On 29th January, in the wake of The NHS Long Term Plan, NHS England announced targets for social prescribing link workers as part of another re-oganisation of Primary Care. It said: “The NHS long-term plan will see GPs surgeries big and small work to support each other in around 1,400 primary care networks covering the country, with each network having access to a social prescriber link worker and NHS England agreeing to fund their salaries in full. ‘By 2023–24, social prescribers will be handling around 900,000 patient appointments a year. NHS England plans to recruit 1,000 social prescribing link workers.”

My advice to anyone who listens to discussion of social prescribing and thinks ‘yes, but’ is to follow their instinct and ask the questions that occur to them. Rotherham is the model I think tells us most about social prescribing in the real world. Ask your questions, because they will be good ones.
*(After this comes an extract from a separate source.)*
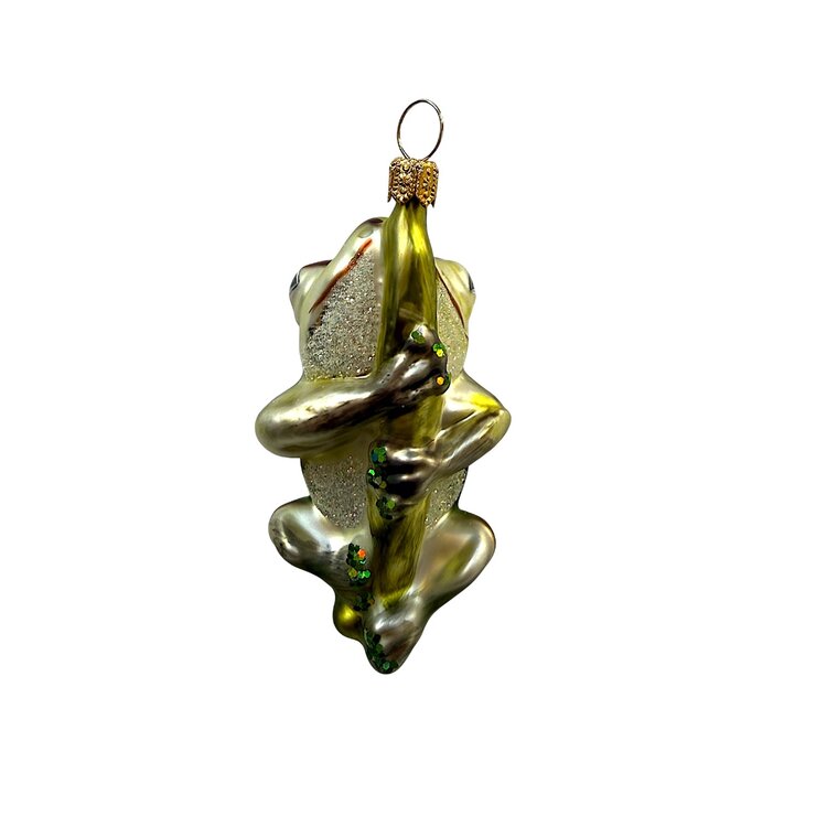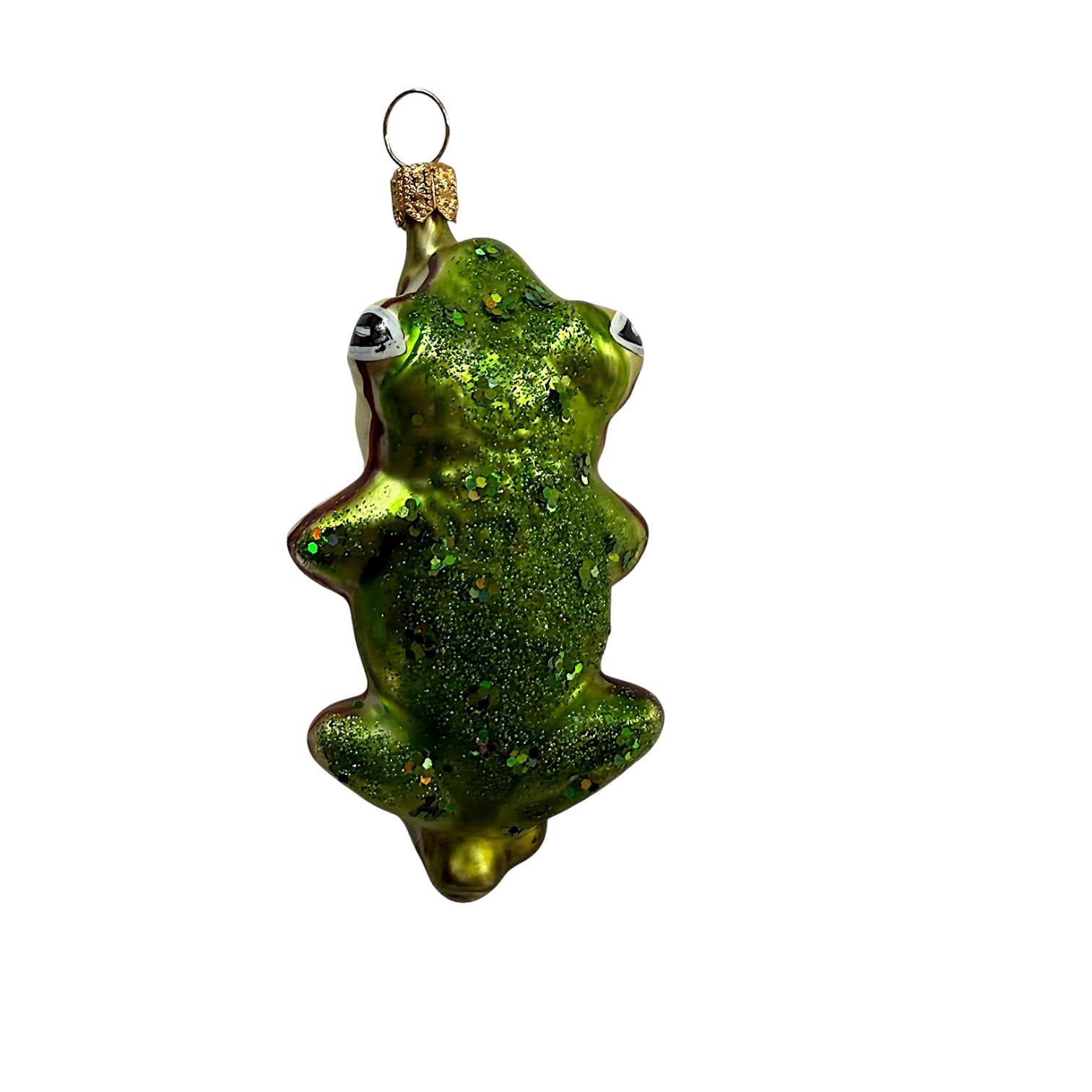 Frog in the Christmas tree! Beautiful mouth blown glass animals for a festive Christmas tree. Bring a touch of playful nature and joy to your Christmas decorations with this handmade frog bauble. This cheerful and unique ornament is perfect for anyone who loves animals and wants to add a fresh, humorous twist to their holiday season.

As the Kings Fund say: “robust and systematic evidence on the effectiveness of social prescribing is very limited. Many studies are small scale, do not have a control group, focus on progress rather than outcomes, or relate to individual interventions rather than the social prescribing model. Much of the evidence available is qualitative, and relies on self-reported outcomes. Researchers have also highlighted the challenges of measuring the outcomes of complex interventions, or making meaningful comparisons between very different schemes. Determining the cost, resource implications and cost effectiveness of social prescribing is particularly difficult.”

To make social prescribing really work will require going beyond its status as a lovely idea that leaves a lot of energy in the room to getting down to the grimy, challenging and rewarding works of hammering out real world deals and real world relationships. People who have health needs are not fools who don’t know what’s good for them. They’re people living with needs and problems not of their making. Social prescribing must be about what people need, not just saving the NHS money.

In many ways, social prescribing is enjoying its current vogue because it is such an amorphous good idea that is very difficult to disagree with in principle. Social prescribing will survive the current bout of ‘initiativeitis’. It’s a great idea; but it’s also a great idea that has been written into successive five year plans and forward views. There are currently lots of people across the country trying to put flesh on the bones of this lovely idea to make it happen in a way that makes a real difference for people like our fictional Pauline. There were people trying to make social prescribing work before this current day in the sunlight as there will be clever, passionate and committed people trying to make it work after the current excitable Health Secretary is upgraded to a less excitable model.

People do need more than pills, but enthusiasm alone won’t get them it.